» **Assigned task**
After locating the line that contains "The severe look", transcribe exactly that line and each one after it until the data ends, skipping pictures.

*** Opening Dataset records ***

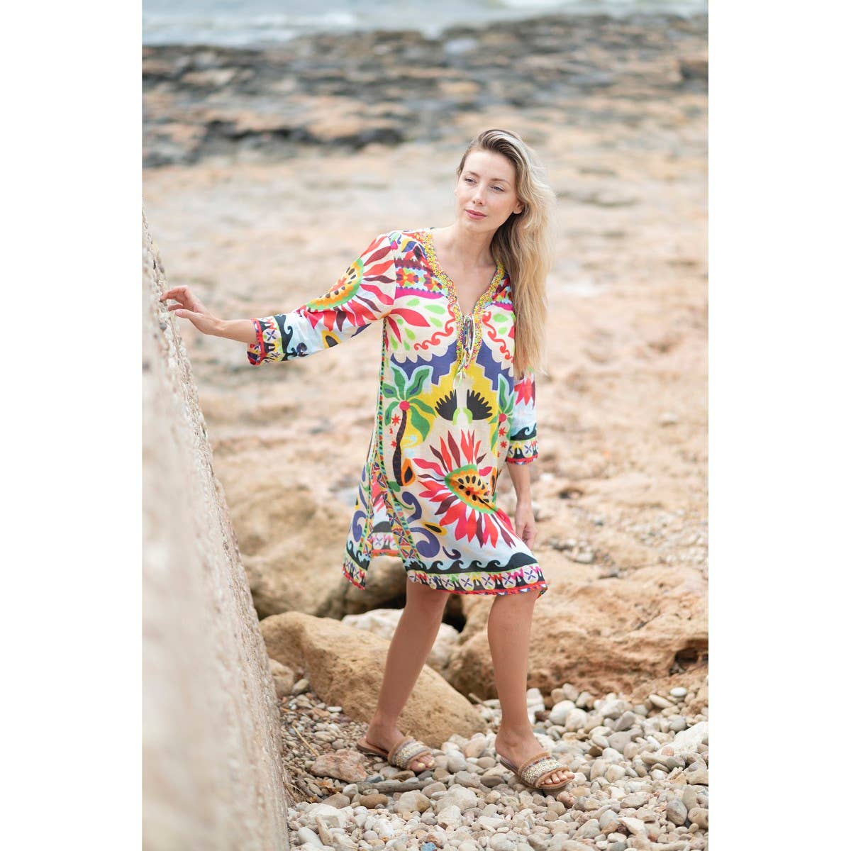For more than 50 years dedicated to the import and distribution of decoration, gift, and souvenir items, combined with our restless nature that drives us to seek what types of products can help our clients increase their sales, a few years ago we decided to incorporate a new women's textile line into our catalog: Isla Bonita by Sigris. "Everything started by attending to the requests of our clients. It worked well, and this led us to expand and create a summer clothing collection, which we will expand year after year," says our manager. Entering the fashion market has led us to create a new catalog each season. It is the result of a selection process in which models are chosen to be fresh and easy to wear for women, with soft fabrics and 100% cotton garments, and with a special touch to feel different from the rest. This upcoming spring/summer season brings with it the most diverse looks to shine in all the opportunities that come our way. With reflections of the seventies, eighties, and nineties, the boho style, which fuses vintage style with romanticism, stands out for its light garments, different embroideries, and textures. Let yourself be seduced by the favorite garments of the summer!
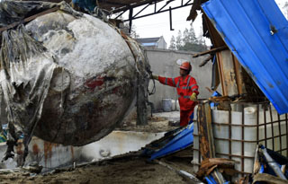 10月7日中午,上海奉賢區(qū)金匯鎮(zhèn)發(fā)生一起廢棄三氯化磷儲罐泄漏事故,造成周邊一些群眾氯化氫中毒。目前,污染源已徹底清除,空氣質(zhì)量達標,無危重病人,部分受傷群眾已康復出院。圖為10月8日,環(huán)保人員對發(fā)生泄漏的儲罐進行調(diào)離處置。
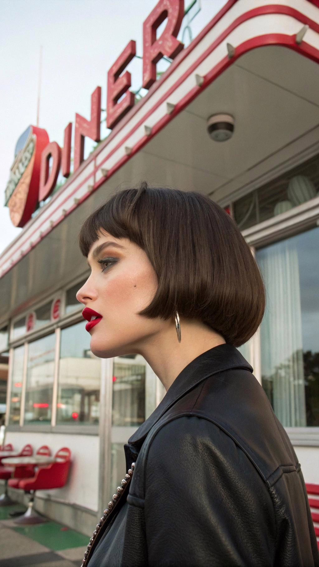 The severe look highlights your facial features. Add dramatic earrings for balance. This style works especially well with high-neck or halter dresses.
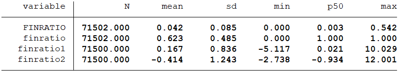 企业是否购买金融资产(finratio):虚拟变量,当金融资产大于0时取值为1,否则为0
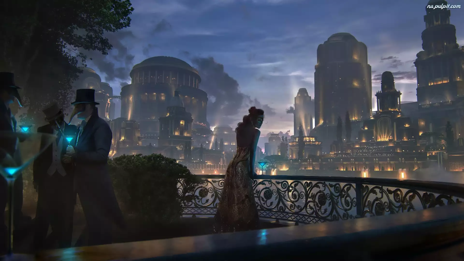 Miasto, Taras, Wieczór, Digital Art, Maska, Kobieta, Ludzie

*** Closing Dataset records ***

» **Solved problem**
 The severe look highlights your facial features. Add dramatic earrings for balance. This style works especially well with high-neck or halter dresses.
 企业是否购买金融资产(finratio):虚拟变量,当金融资产大于0时取值为1,否则为0
 Miasto, Taras, Wieczór, Digital Art, Maska, Kobieta, Ludzie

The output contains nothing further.